Shopping season is upon us again. Not just the holiday rush, but Open Enrollment for health insurance through the Affordable Care Act. You need to sign up by December 15, 2014, if you want to get health coverage that begins January 1. If you would like health coverage that kicks in later next year, you need to sign up by February 15, 2015.

But unlike buying the hottest toys or flat screen TVs, shopping for health insurance requires looking beyond the sticker price.

The premium — the price you pay each month for insurance — is just one piece of the puzzle. You need to look not only at the cost to buy the insurance, but also the cost to use it.

First and foremost, you need to ask if there is a deductible - the amount you must pay out of pocket before receiving insurance benefits.  A high deductible can cancel out the savings of a low monthly premium.
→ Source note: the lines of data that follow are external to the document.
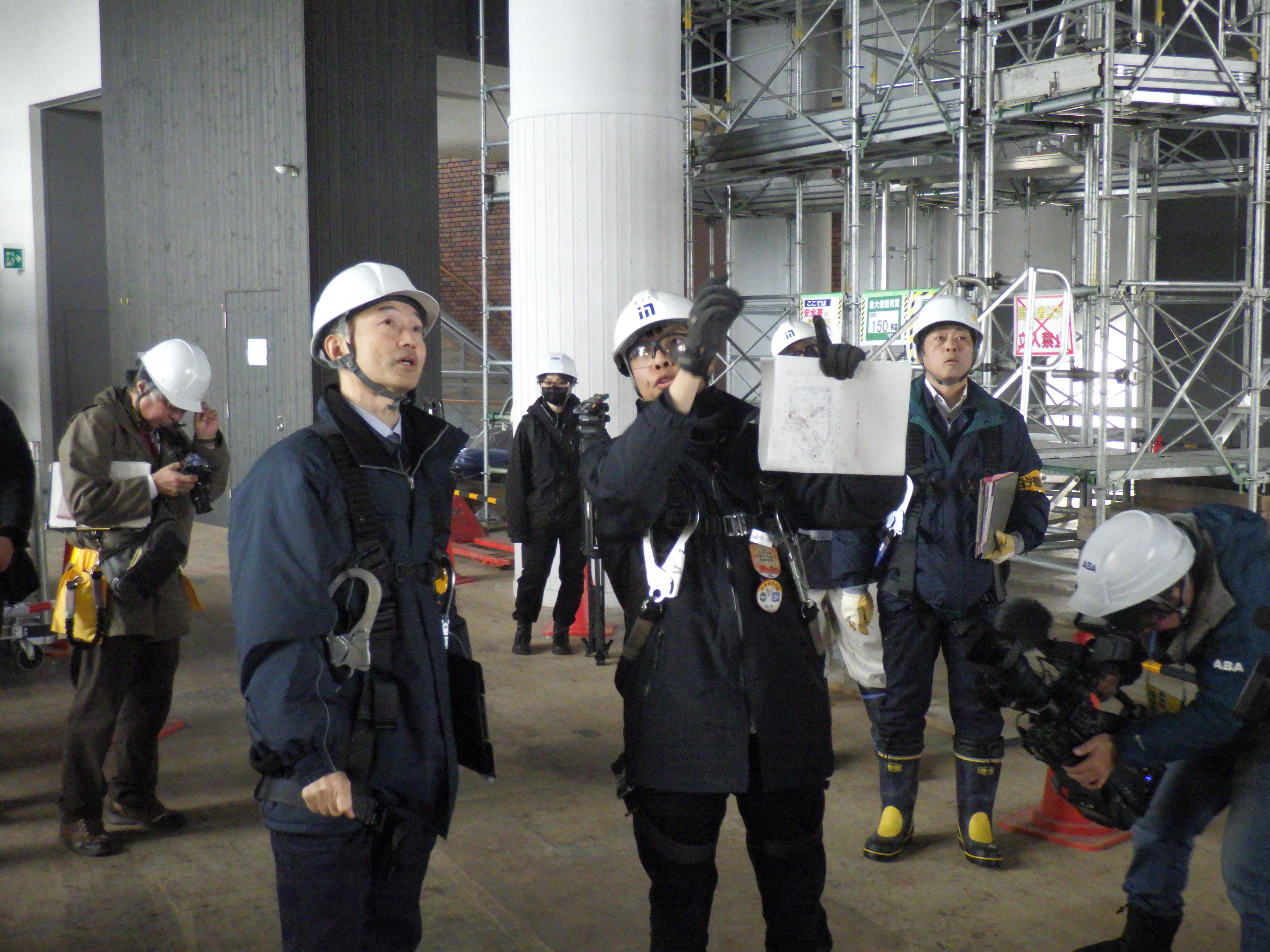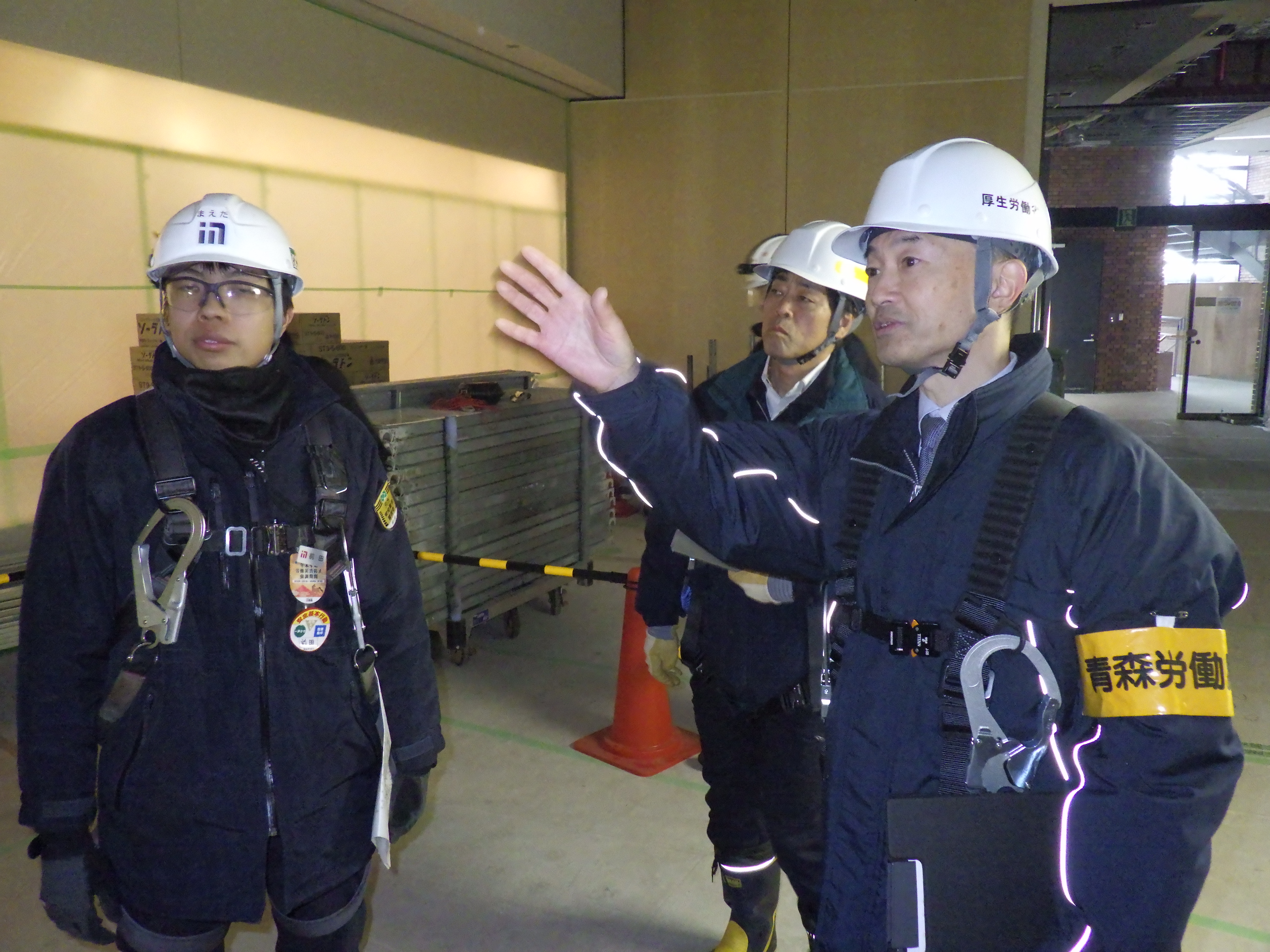 令和7年12月5日、角井局長は、東北ブロック労働局長と連携の上、冬期及び年末年始における労働災害の防止を呼び掛けるため「立佞武多の館大規模改修工事」の現場パトロールを実施し、重篤な災害につながる墜落・転落災害や冬期に多発する転倒災害などを防止するための取組を確認し、現場担当者と意見を交わしました。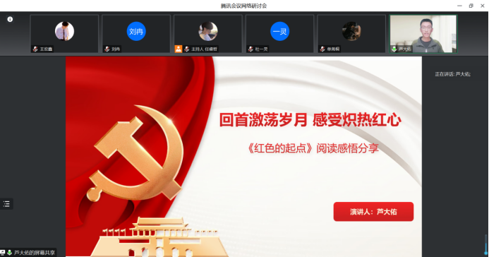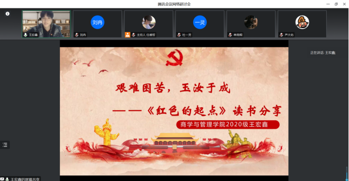 商学与管理公司的王宏鑫同学从“永怀希望,积极向前”“不忘初心,方得始终”“艰难困苦,玉汝于成”三个方面分享了他的读书感悟。他带领大家回顾了建档百年的无数个重要的瞬间,从南湖的红船到南昌的枪响,从井冈山的星星之火到两万五千里长征,从一穷二白到自立自强,党的奋斗历史激励着大家坚定为中华民族伟大复兴而不懈奋斗。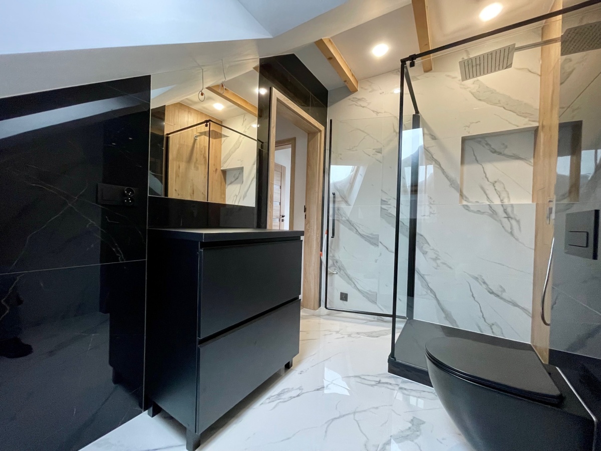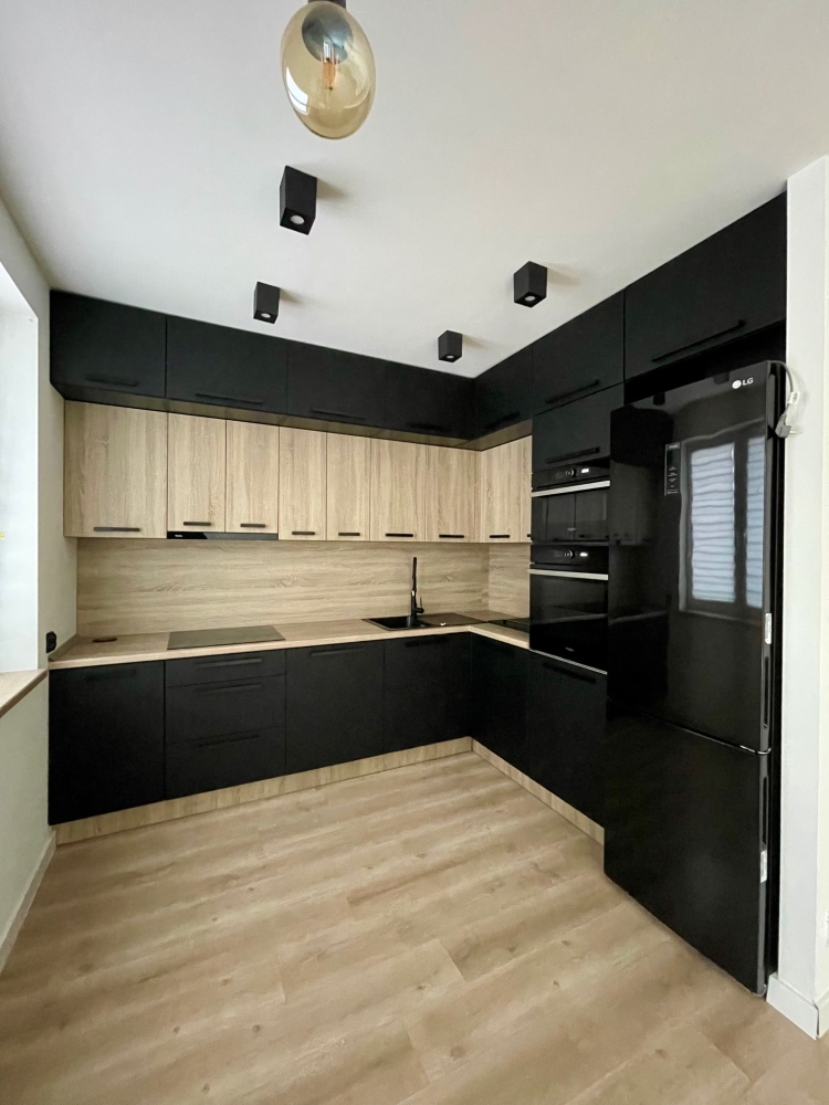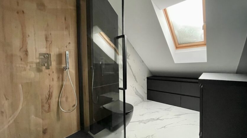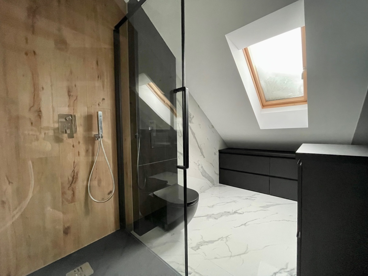 Na dole znajduje się przestronny salon z wykończonym aneksem kuchennym oraz wyjściem na balkon, w pełni wykończona łazienka oraz sypialnia. W dolnej części mieszkania zarówno w salonie jak i w łazience jest ogrzewanie podłogowe.

For example, let's say you buy a policy with a $500 deductible. One visit to the doctor for an ear infection could cost more than $110, plus the cost of the medication. And you would need to pay those expenses out of your pocket, until you spent $500, when insurance coverage kicks in. Averaged out over a year, that's like spending more than $40 dollars a month on top of the cost of the premium.

You also need to consider whether any medical services are covered even if you have not yet met the deductible. Some plans pay for emergency room benefits before you have satisfied the deductible, while other plans do not. The same can be true for prescription drugs.
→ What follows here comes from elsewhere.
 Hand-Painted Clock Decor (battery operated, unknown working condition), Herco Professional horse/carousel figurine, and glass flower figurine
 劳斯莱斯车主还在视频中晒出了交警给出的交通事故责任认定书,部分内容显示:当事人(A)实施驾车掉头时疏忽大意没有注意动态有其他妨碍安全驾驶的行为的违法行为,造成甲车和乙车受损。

You also need to consider the plan's copayments, often called "copays" - the fees you must pay each time you receive a medical service. If you expect to receive regular care, this cost may be predictable. However, you also have to consider co-insurance - a percentage of the cost of a medical service you must pay. For example, if the health plan pays 80 percent of the cost of a service, you must pay the remaining 20 percent. The cost of co-insurance can add up quickly if you receive expensive care.

Finally, you need to consider whether you prefer certain doctors or hospitals.

If so, you need to make sure to choose a plan whose network includes those providers. Some plans require that you choose from providers in a limited or 'narrow' network, which may not include the ones you prefer.  That means the cost of using your preferred doctor or hospital won't be covered.

However, you can also look for a 'tiered' network plan that gives you access to a larger network of doctors and hospitals but charges higher out-of-pocket costs for the ones that are not in the top tiers.

If you aren't sure which plan best suits your needs, help is available. The Marketplace Exchange and individual health insurers can connect you with a licensed sales agent, a certified application counselor, or a navigator who can help explain not just the cost to buy the plan, but also, and just as importantly, the cost to use it.